Genesco Inc. (GCO - Free Report) , a retailer and wholesaler of branded footwear, apparel, and accessories, reported mixed results for the first quarter of fiscal 2015 wherein its top-line surpassed the Zacks Consensus Estimate while the bottom-line fell short of it.
The company’s adjusted earnings declined 13.8% year over year in the first-quarter to 81 cents per share from continuing operations, and also came below the Zacks Consensus Estimate of 91 cents per share. The fall in bottom-line was mainly due to higher cost of sales and operating expenses partially offset by increased top-line performance.
On a reported basis, the company’s earnings from continuing operations came in at 60 cents per share compared with 61 cents per share reported in the year-ago quarter.
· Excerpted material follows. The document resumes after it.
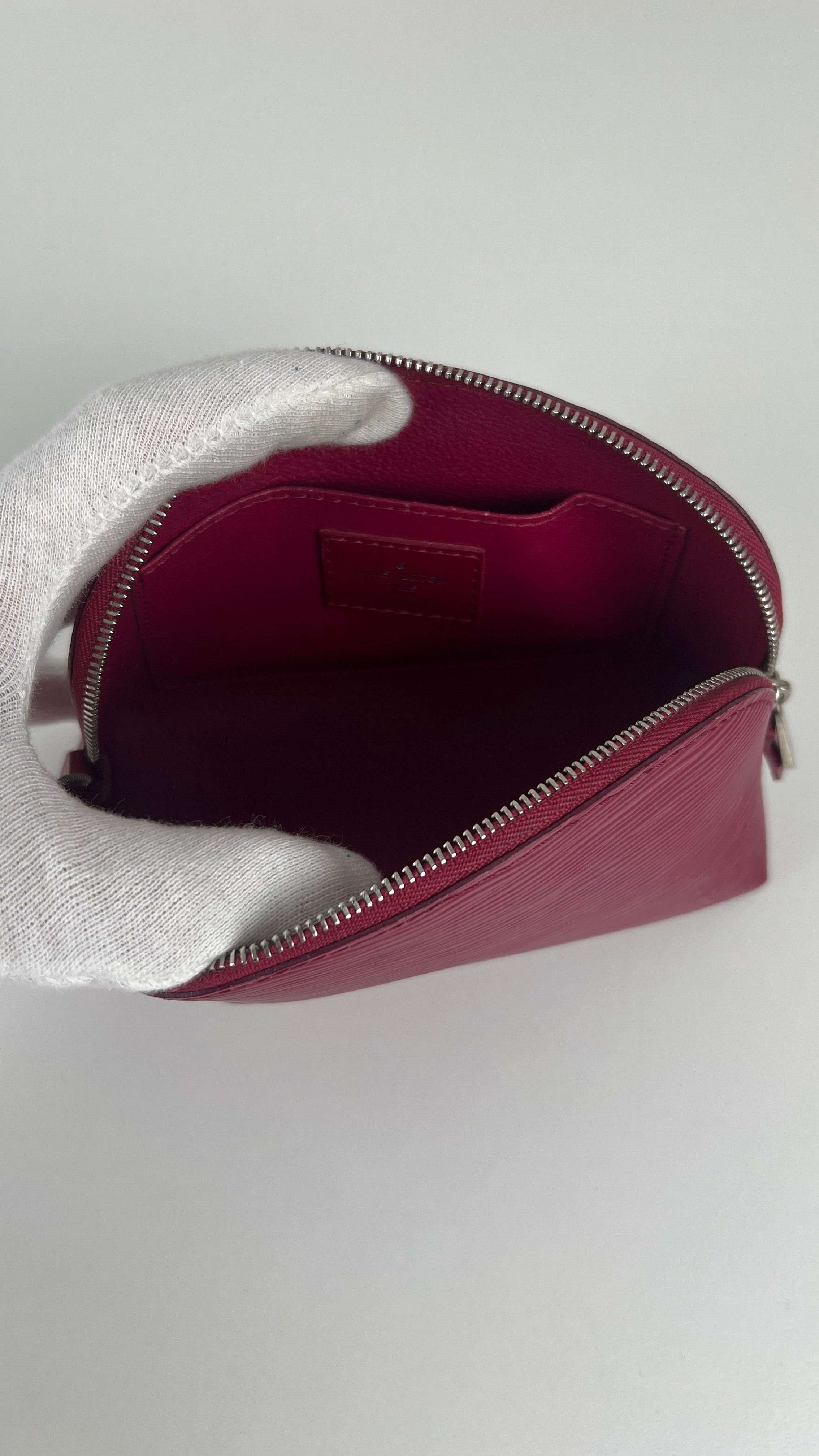 Cette pochette cosmétique Louis Vuitton en cuir Epi est en très bon état. Le cuir est en très bon état. Les coins sont en très bon état, légèrement utilisé très léger. L'intérieur est en très bon état.

Net sales for the quarter increased 6.3% year over year to $628.8 million and surpassed the Zacks Consensus Estimate of $621.0 million. The growth in the top line was mainly driven by improved consolidated comparable-store sales (comps) performance which includes same store sales and comparable e-Commerce and catalog sales.
The company reported a 1% rise in comps. On segment basis, the company witnessed an increase of 1% in Journeys Group’s and Lids Sports Group's comps while a decline of 1% each was registered in Schuh Group and Johnston & Murphy Group’s comps.
Further, Genesco revealed that its business is gaining momentum now, since from the start of the second quarter through May 24 comps have improved 3%. Based on the recently reported quarterly performance and the current retail environment the company has reaffirmed its guidance for fiscal 2015.
The company continues to expect earnings in the range of $5.40 and $5.55 per share in the fiscal. Currently, the Zacks Consensus Estimate is pegged at $5.53 per share which is more inclined towards the higher end of guidance range.
The company’s optimistic guidance for fiscal 2015, as well as second-quarter’s to date performance boosted investor confidence despite mixed first-quarter results. Genesco’s shares closed trade at $74.89 on Friday, up approximately 5.5% from the previous day’s closing price.
Coming back to the quarterly discussion, gross profit for the quarter increased 5.9% to $315.9 million from $298.4 million. However, gross margin contracted 30 basis points (bps) to 50.2%. The year-over-year improvement in gross margin was mainly due to higher cost of sales as a percentage of sales.
Adjusted operating income declined 13.9% in the quarter to $31.4 million from $36.4 million in the comparable year-ago quarter. Adjusted operating margin declined 120 bps to 5.0% from 6.2% reported in the prior-year quarter. The decline was primarily attributable to lower gross margin and increased selling and administrative expenses as a percentage of sales.
Genesco ended the quarter with $71.9 million of cash and cash equivalents, $25.6 million of long-term debt (excluding current maturities) and $941.5 million of shareholders’ equity. As of May 3, 2014, inventories totaled $587.2 million compared with $509.1 million as of May 4, 2013.
In the reported quarter, Genesco opened about 29 retail outlets, while it shuttered 23 stores. Consequently, the company’s store base expanded to a total of 2,573 as of May 3, 2014 from 2,568 as of Feb 1, 2014.
Other Stocks to Consider
Genesco currently holds a Zacks Rank #2 (Buy). Some other better-ranked stocks in the apparel-shoe space include Citi Trends, Inc. , American Apparel Inc. and Foot Locker, Inc. (FL - Free Report) . While Citi Trends sports a Zacks Rank #1 (Strong Buy), American Apparel and Foot Locker have a Zacks Rank #2 (Buy).